I did find it very interesting that the first amphibians were so big. I was also aware of their respiratory system and had always heard that as being one of the main reasons for why there were never any huge amphibians around. Does anyone have any idea what the biggest amphibian alive today is? The biggest one I have ever seen what a newt that my friend used to have when I was in college. It might have been a foot long or so.

JimmyT
Post 4

@TrogJoe19 - I wasn't aware of what the etymology of the word amphibian was. I find that find of interesting, because plenty of other animals spend relatively equal proportions of time on land and in water.

There are quite a few different types of water snakes. Around where I live, we have something called a cottonmouth that lives in swamps and very wet places. You also have sea turtles, which are reptiles that spend the majority of their time underwater.

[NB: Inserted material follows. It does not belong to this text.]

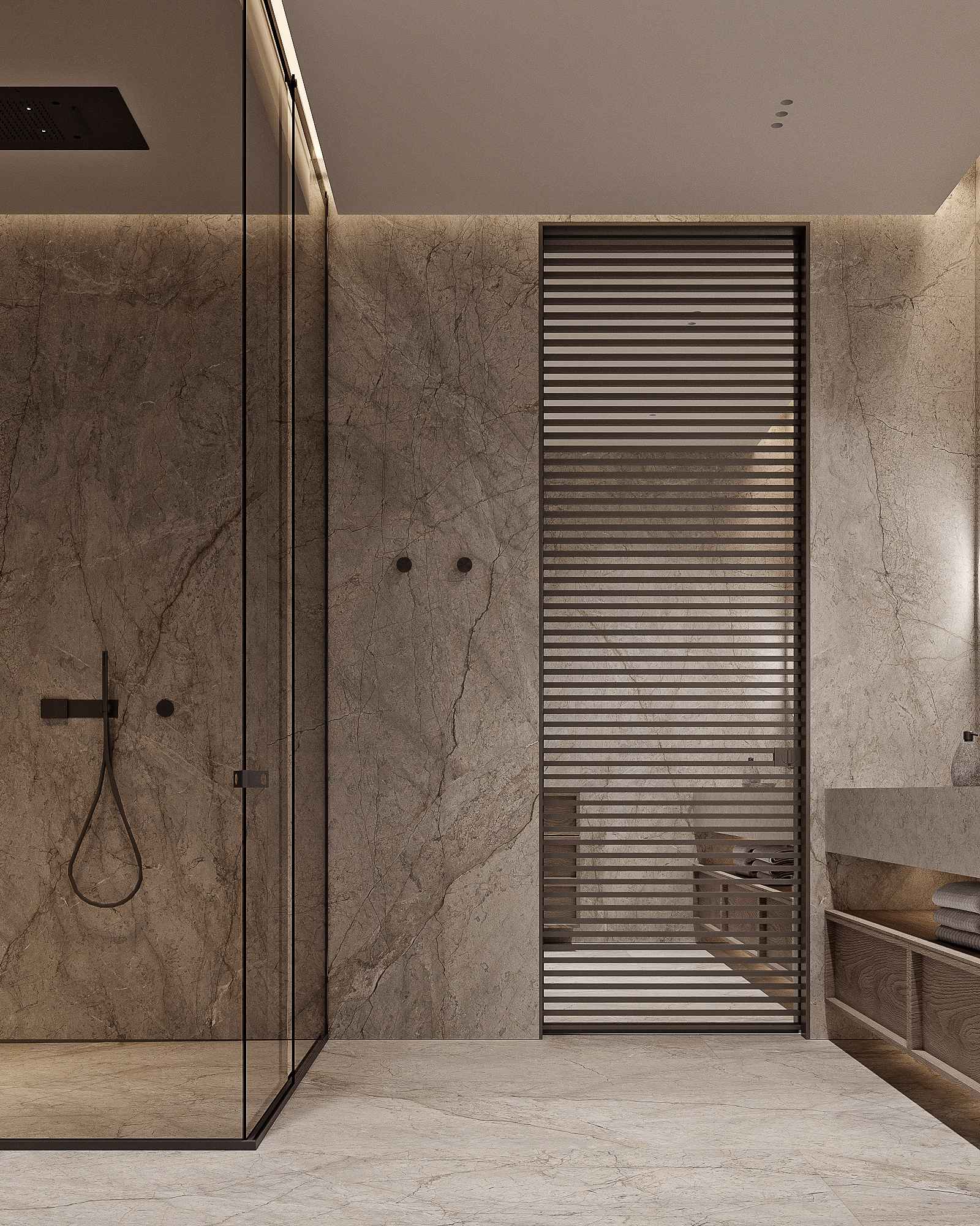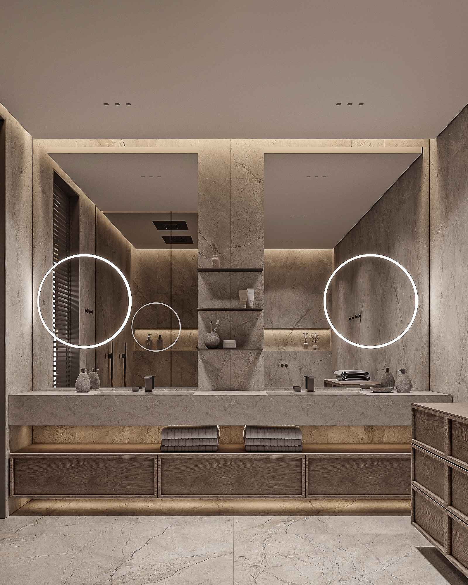 The layout was shaped around function without compromising aesthetics. Subtle contrasts between light and dark, soft curves and linear geometry, matte and reflective surfaces create a space that feels intentional and effortless. The master block forms a cohesive story — each zone smoothly transitioning into the next, unified by high-end finishes, smart design details, and a dedication to modern lifestyle needs.

Aquatic mammals aren't as common but you can find things like beavers, muskrats, and even platypus that spend a lot of time in the water.

jmc88
Post 3

@BostonIrish - I would say that a lot more than the amphibian life cycle separates them from reptiles. We are learning about them right now in class. Yes, it is true that the young of amphibians have to go through stages, but scientists usually go by a lot of different things.

Probably the most defining feature of amphibians is that they have smooth, wet skin most of the time. This is because they don't have lungs like reptiles and mammals have. They have to get most of their oxygen through little pores in their skin. Having water on their skins makes it easier for oxygen to diffuse to their lungs and circulate around their bodies.

There are a lot of other differences having to do with the way the eggs develop as well as other parts of the anatomy.

BostonIrish
Post 2

The main difference between amphibians and reptiles is their life cycle. Amphibians morph over time while reptiles are born looking like a miniature version of their parents.

TrogJoe19
Post 1

Amphibians are quite unique in that they are both aquatic and land animals. They do not give live birth, but lay eggs, much like reptiles. Amphibian is from ambi- bios, which is Greek for both sides- life. They live their lives in both water and land. As young tadpoles, they are much like fish, and grow legs to live on the land.